▶ **The task**
The response consists of the lines from the start of the material below through the line holding "Fans of the", repeated word for word and without pictures.

[Source data]

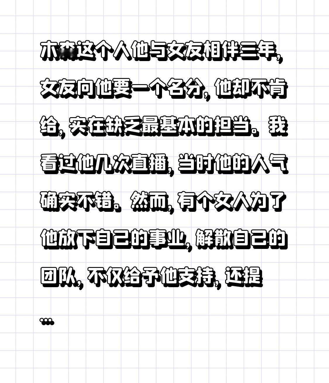 木森这个人 他与女友相伴三年,女友向他要一个名分,他却不肯给,实在缺乏最基本的担当。 我看过他几次直播,当时他的人气确实不错。然而,有个女人为了他放下自己的事业,解散自己的团队,不仅给予他支持,还提供资金。可到最后,她连一个名分都没换来。 看过他几次直播后,我对他感觉欠佳,后来便不再看了。我自认为对人的判断还算准确,这种直觉是与生俱来的。我对他就是感觉不舒服,最终就是这么回事。
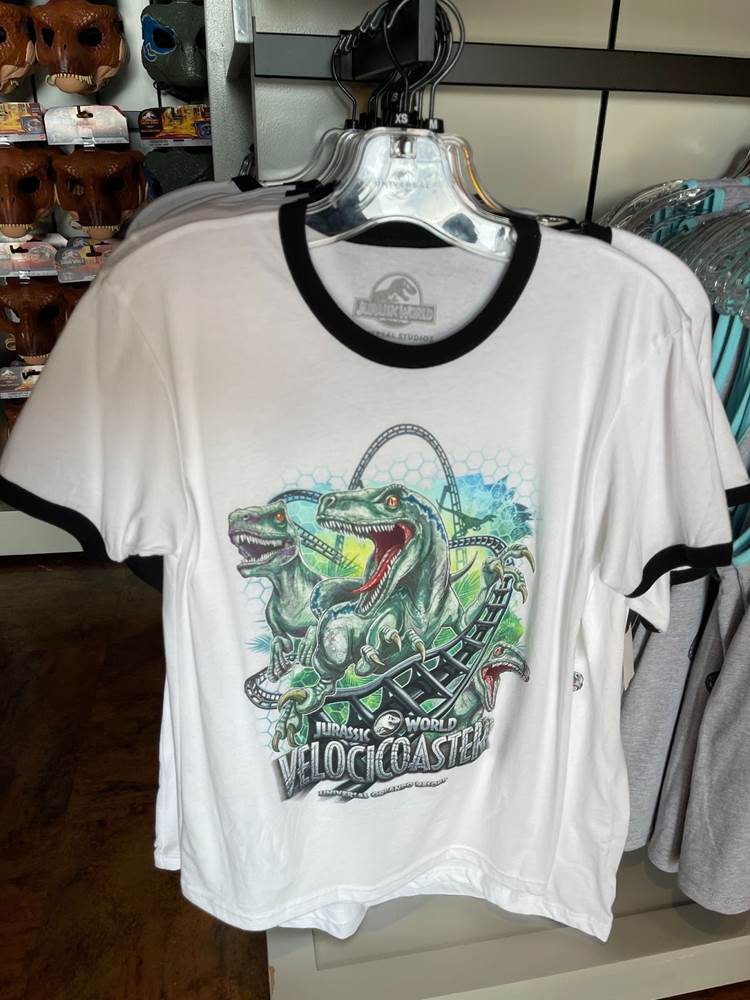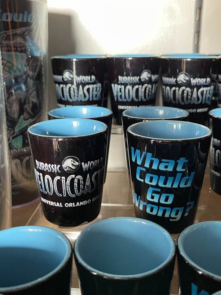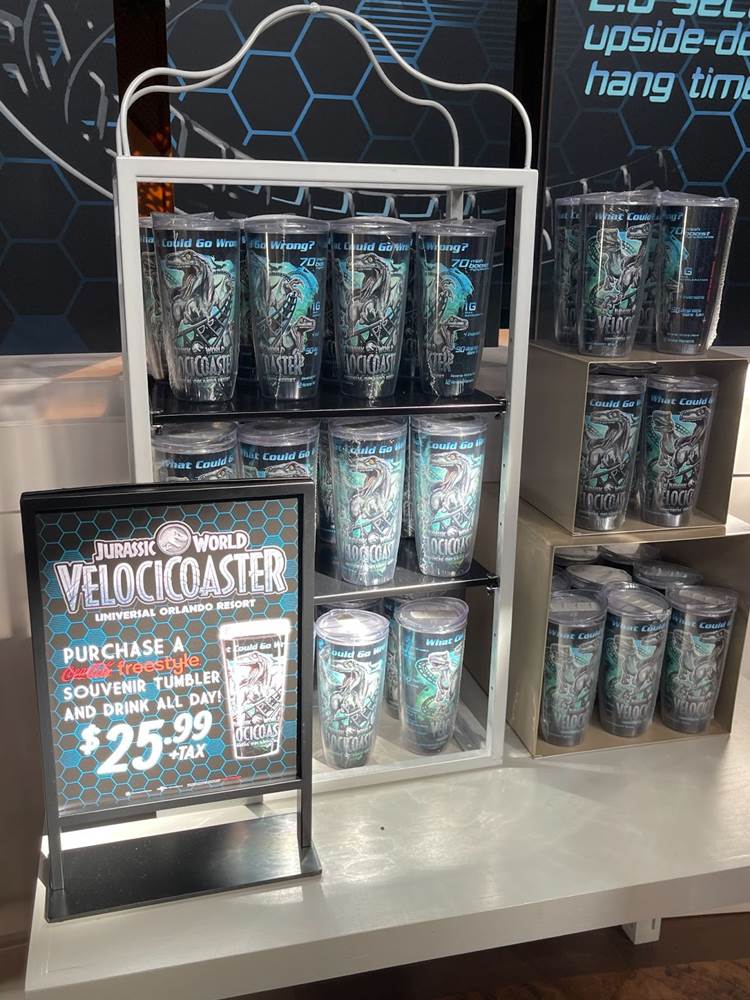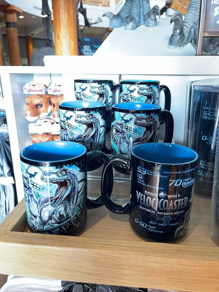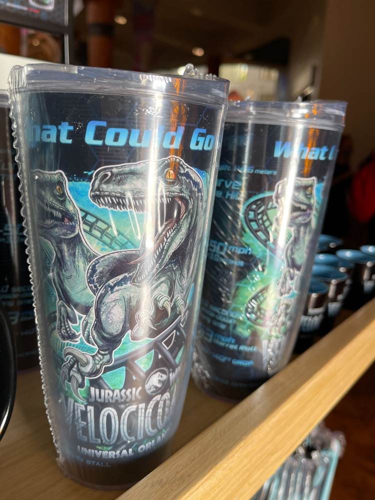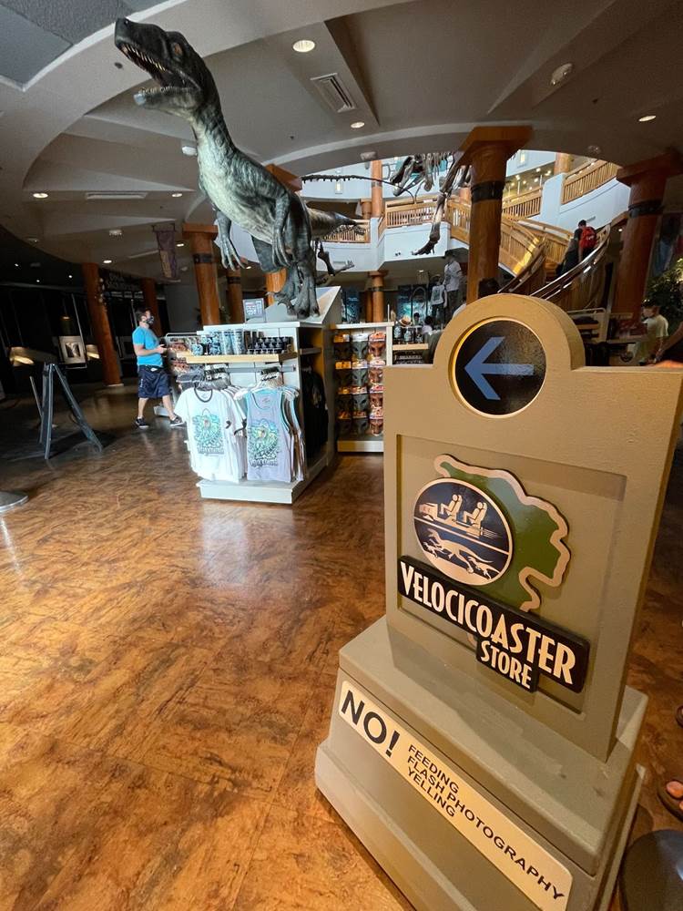 Fans of the Jurassic Park Discovery Center (an interactive area which was home to regular shows wherein guests could have the once in a lifetime opportunity to witness a live dinosaur hatch) might be a bit startled to see that the area modeled after the Visitor’s Center in the original Jurassic Park, has been transformed into the Velocicoaster Store, featuring pins, apparel, lanyards, cups, and more.
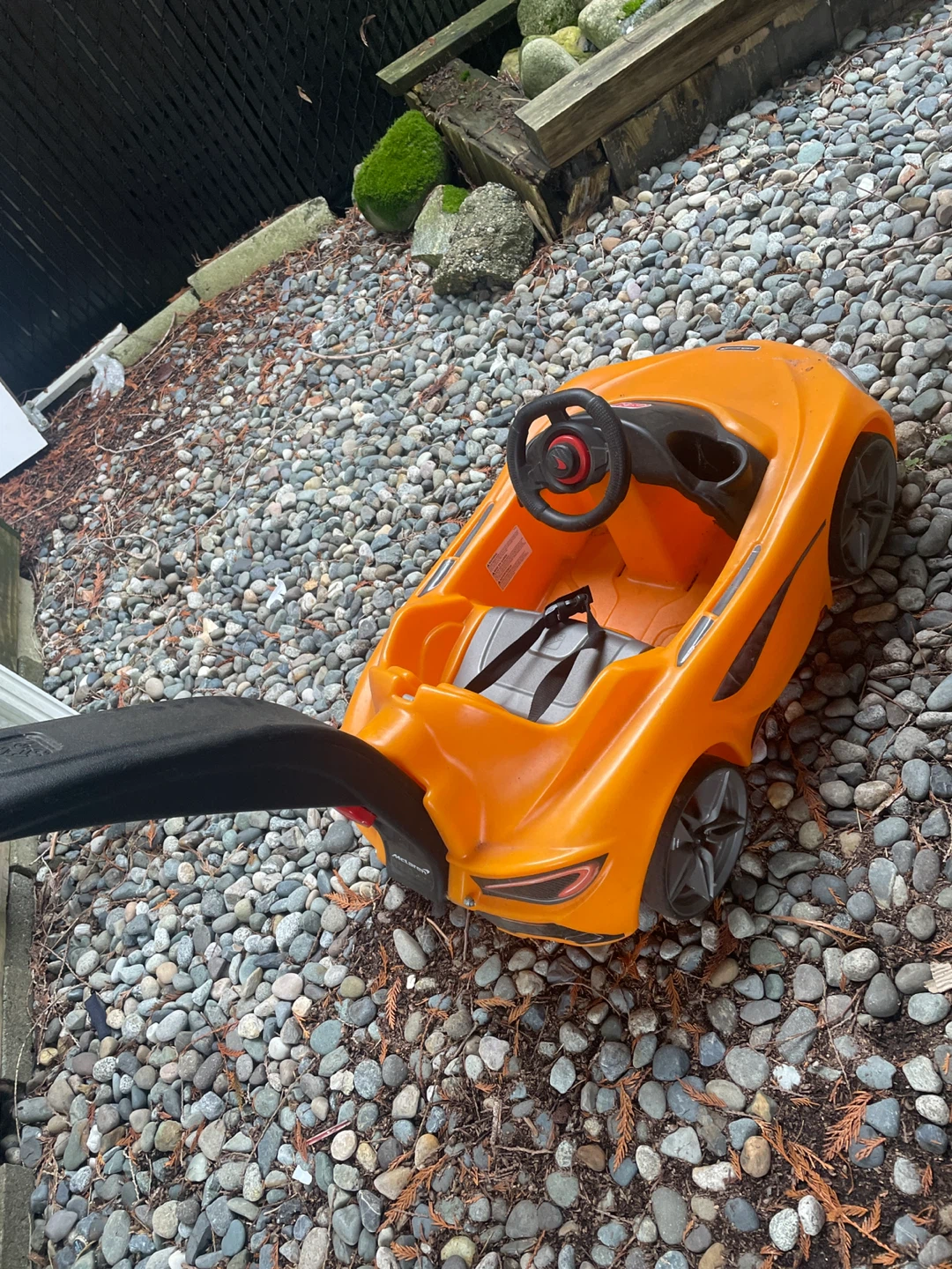 Selling a gently used Step2 McLaren 570S push car! It's in great condition and ready for some fun adventures. Perfect for little ones who love cars and being pushed around. Comes with a steering wheel and a push handle for parents. Your kiddo will love cruising around in this stylish ride!
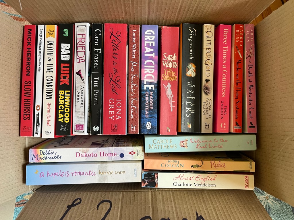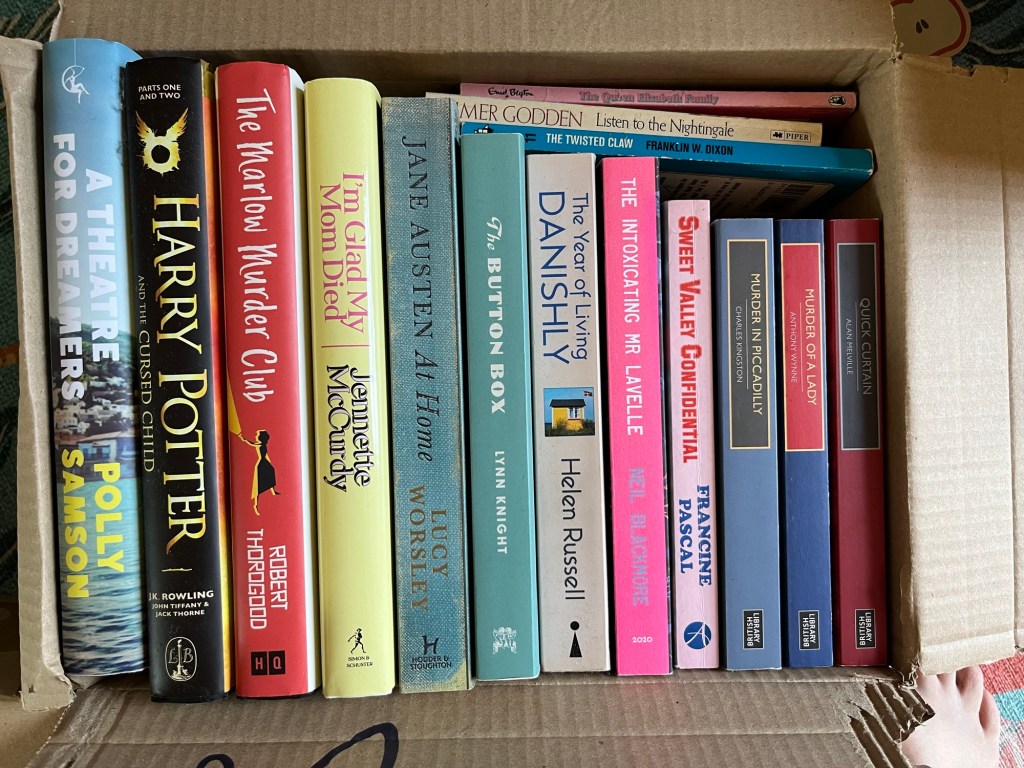 And then this is mostly crime, with a touch of literary fiction and some women’s fiction. There is another box, also of girls own, but I forgot to get a phot! I’ve priced them to sell as they say with an aim of not bringing too many home with me, especially as I expect to buy a fair few…

[/Source data]

▶ **Completed task**
 木森这个人 他与女友相伴三年,女友向他要一个名分,他却不肯给,实在缺乏最基本的担当。 我看过他几次直播,当时他的人气确实不错。然而,有个女人为了他放下自己的事业,解散自己的团队,不仅给予他支持,还提供资金。可到最后,她连一个名分都没换来。 看过他几次直播后,我对他感觉欠佳,后来便不再看了。我自认为对人的判断还算准确,这种直觉是与生俱来的。我对他就是感觉不舒服,最终就是这么回事。
 Fans of the Jurassic Park Discovery Center (an interactive area which was home to regular shows wherein guests could have the once in a lifetime opportunity to witness a live dinosaur hatch) might be a bit startled to see that the area modeled after the Visitor’s Center in the original Jurassic Park, has been transformed into the Velocicoaster Store, featuring pins, apparel, lanyards, cups, and more.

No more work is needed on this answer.